Egyptian Schoolboy’s 1,800-Year-Old Lesson to Go on Display
The British Library took the exercise out of storage as part of an upcoming exhibition on the history of writing
There’s something about that pad of lined newsprint with dashes down the center used by children to learn their letters that sends adults into a nostalgic revelry. Putting in the hours getting capital “T” straight and tall and lowercase “E” squat and round is a rite of passage, even in the age of keyboards. But practicing letters isn't just a modern experience. Soon, the British Library will display an 1,800-year-old Egyptian wax tablet for a new exhibition on the history of writing that will look familiar to anyone whose had to learn their ABCs.
Mindy Weisberger at LiveScience reports the tablet, about size of a modern-day Kindle, was acquired by the library in 1892, but the public hasn’t seen it on display since the 1970s. The tablet has Greek letters scratched into it.

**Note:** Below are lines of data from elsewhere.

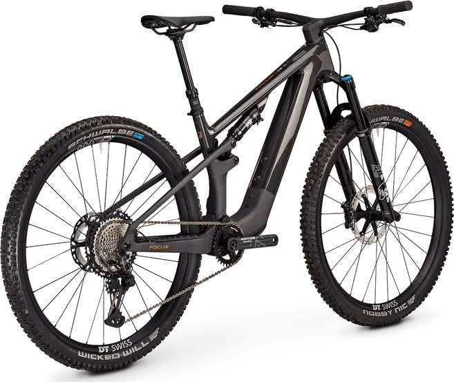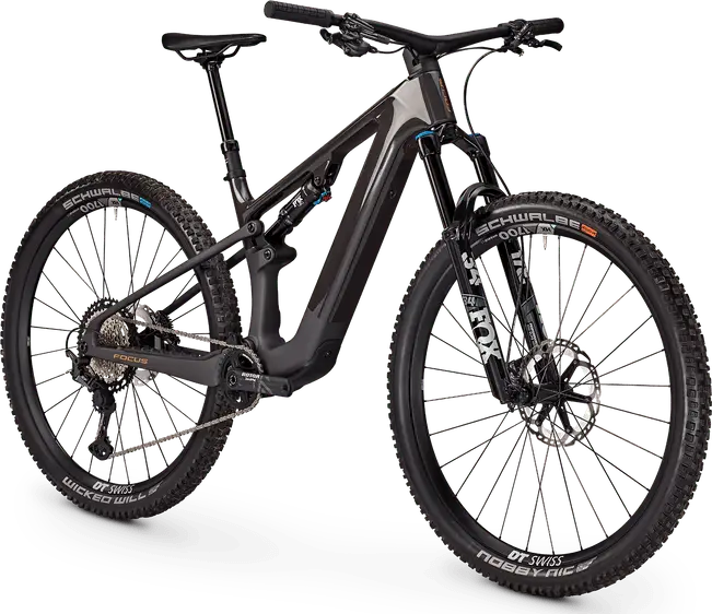 Rower elektryczny trail z pełnym zawieszeniem, karbonową ramą 29″ i osprzętem wysokiej klasy.
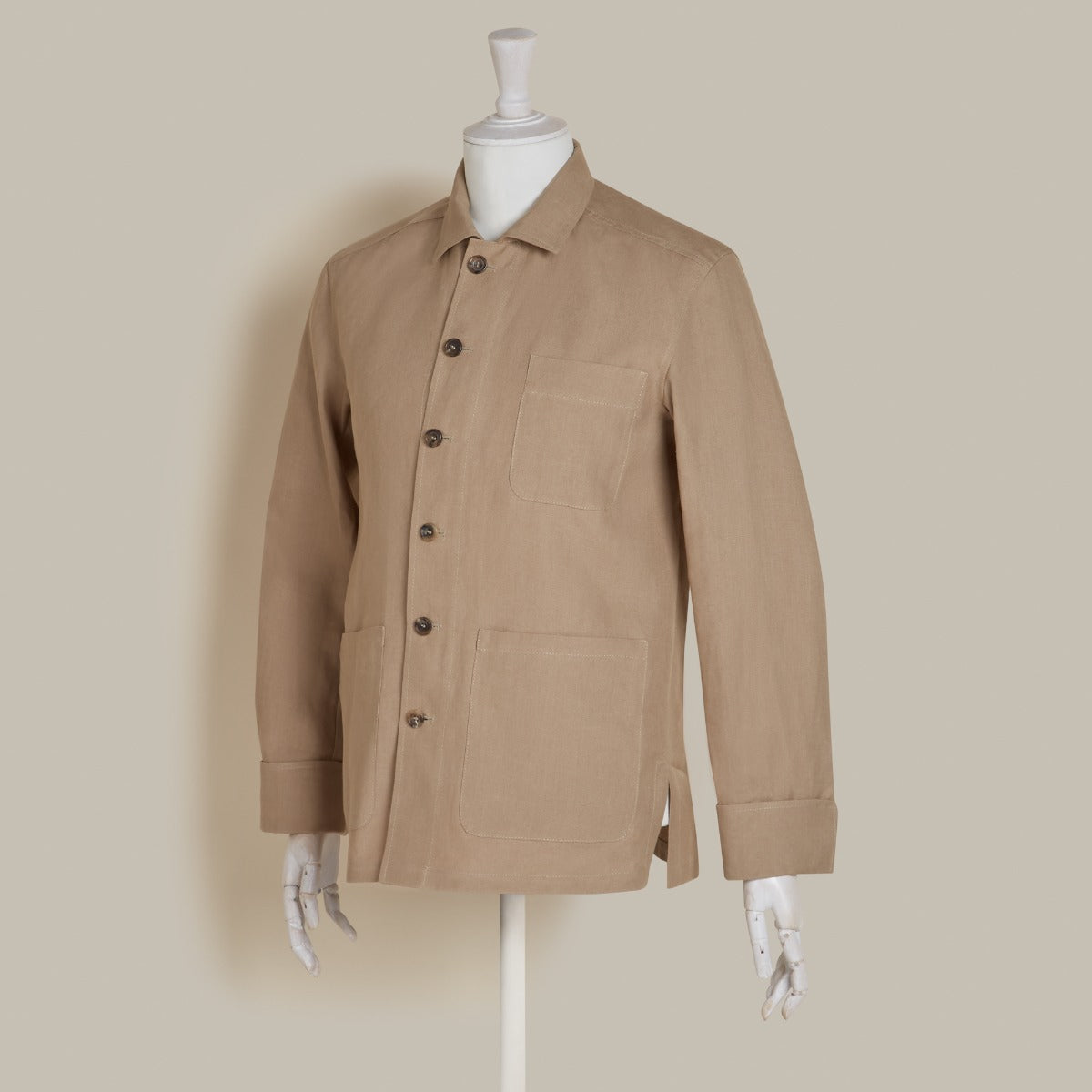Designed by Graydon Carter in New York ; exquisitely made by hand in Europe. The popular work jacket gets an update in 100 percent linen, which comes in two colours, light tan and navy, and is strong, absorbent, and quick drying. Not only does the fabric fade and soften beautifully over time, it's hypoallergenic and highly sustainable. Aesthetes will delight in the discreet stitching, genuine buffalo-horn buttons, custom AIR MAIL tape , and a distinctive, woven interior-pocket label.
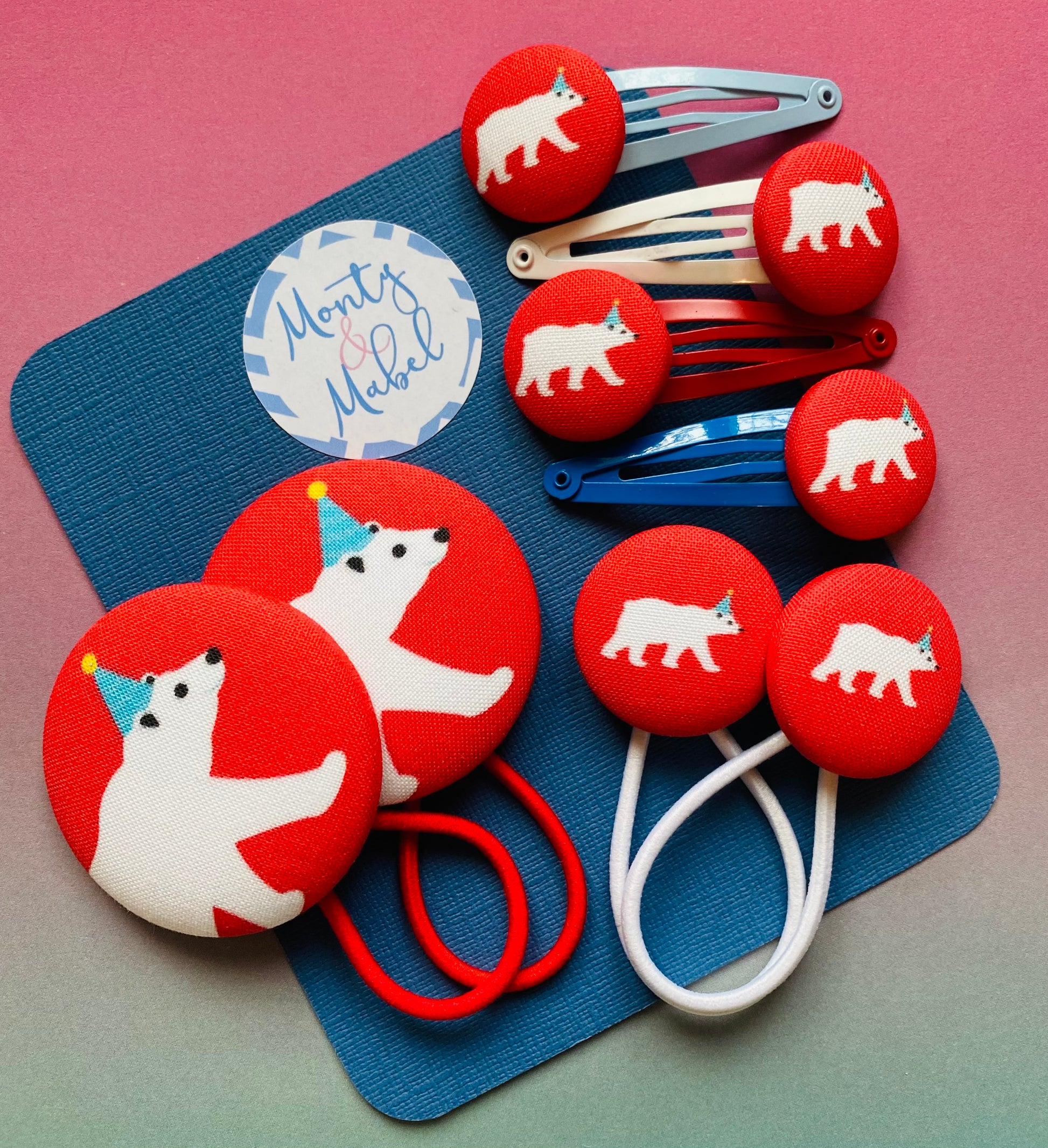 Everything is made to order, if you would like a different coloured clip to the photo please message Monty & Mabel on Facebook or add a note to your order.
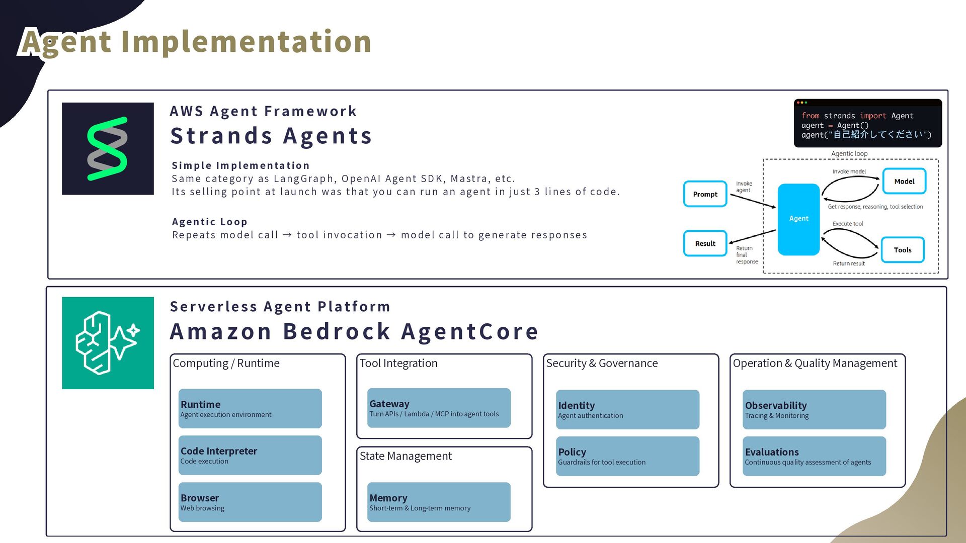 LangGraph, OpenAI Agent SDK, Mastra, etc. I ts sel l i ng poi nt at l aunch was that you can run an agent i n j ust 3 l i nes of code. Agentic Loop Repeats model  cal l  → tool  i nvocati on → model  cal l  to generate responses Runtime Agent executionenvironment AWS Agent Framework Strands Agents Serverless Agent Platform Amazon Bedrock AgentCore AgentImplementation AgentImplementation Agent Implementation Code Interpreter‌ Code execution Browser Web browsing State Management Security &Governance Operation &QualityManagement Gateway Turn APIs/Lambda/MCPintoagenttools Memory Short-term &Long-termmemory Identity Agent authentication Policy Guardrails fortoolexecution Observability Tracing &Monitoring Evaluations Continuous qualityassessmentofagents
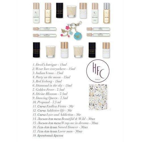 Подарочный набор HFC Paris – это не только идеальный подарок для ваших близких, но и уникальная возможность познакомиться с культовым брендом. Эксклюзивный набор HFC Paris, наполненный роскошными угощениями, порадует даже самых взыскательных ценителей нишевой парфюмерии. Эксклюзивный лимитированный набор HFC Paris, наполненный роскошными лакомствами: гелями для душа, различными ароматами, ароматическими свечами и стильным шармом, выпущенным ограниченным тиражом.
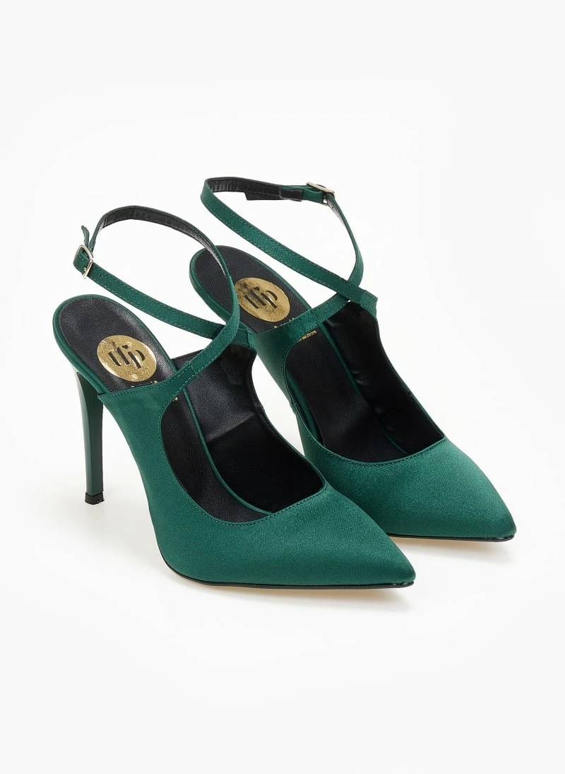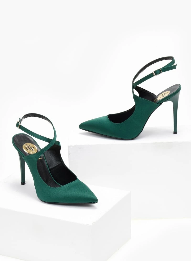 Γόβες ανοιχτές σατέν tfp. Δένουν με χιαστί λουράκι στο ύψος του κουτεπιέ. Ανοιχτή φτέρνα. Ελληνικής κατασκευής.
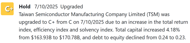 Our ratings system upgraded TSM to “C+” on July 10 after its last earnings release. The reasons included higher total returns, more capital on hand and a decline in its debt-to-equity ratio.
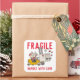 Uma cara de desenho confusa passou sua garfo através de uma caixa rotulada Frágil. Um adesivo frágil que, espero, pega o olho do manipulador com o desenho engraçado.

A teacher wrote the first two neatly composed lines of aphorisms, which translated, read: “You should accept advice from a wise man only” and “You cannot trust all your friends.”
A student struggled to copy out the betas, zetas and thetas in a scraggily but passable hand on four lower lines. On another part of the tablet there is a multiplication table and a reading exercise present.
Peter Toth, co-curator of the exhibit at the library, tells Weisberger that the lesson wasn’t just about getting the letters correct. “It's not only the hands and fingers but also the mind that is being instructed here,” he says.
While there’s no way to know exactly who the student and teacher were, it’s a good guess that the pupil was a high-status boy from a wealthy family, since formal education was reserved for the upper-class males.
If you’re wondering why an Egyptian student was learning his Greek letters, rather than hieroglyphics or a local language, that’s because in the 2nd century A.D., when this lesson was written, Egypt had been under Roman rule for almost 200 years following 300 years of Greek and Macedonian rule under the Ptolemy dynasty. Greeks in Egypt held a special status below Roman citizens but higher than those of Egyptian descent. Any educated person in the Roman world, however, would be expected to know Latin, Greek and—depending on where they lived—local or regional languages.
The type of wax tablet wasn’t just used by schoolchildren, either. The tablets—shallow frames filled with molten beeswax—were used for thousands of years in the Classical world for communication or taking notes. Once the wax dried, a writer employed a stylus to incise the tablet with words. A fan-shaped scraper on the other end of the stylus was used to smooth over mistakes. Like an Etch-A-Sketch, the whole thing could be reheated and reused if necessary.
If the writing was important enough, it was then transcribed onto much more expensive papyrus or parchment for long-term preservation. Tiro, the slave and later freedman who served as Roman orator and statesman Cicero’s secretary, notably, used the tablets to record his master’s speeches, inventing a system of shorthand to do so, which took off and was practiced into the Medieval period.
While most of the wax used in other tablets found by archaeologists long ago has disappeared, Toth tells Weisberger it's likely the dry climate in Egypt kept this particular homework assignment as fresh as the day it was inscribed.
Along with the tablet, the Writing: Making Your Mark exhibition, which will debut April 26, 2019, and run through August 27, will use 100 artifacts to trace the history of the written word over five millennia and five continents. Other notable objects with stories to tell include William Caxton’s 1476 edition of Canterbury Tales, the first book printed in England as well as a Chinese typewriter from the 1970s (more impressive than it sounds), in addition to examples from over 30 different writing systems.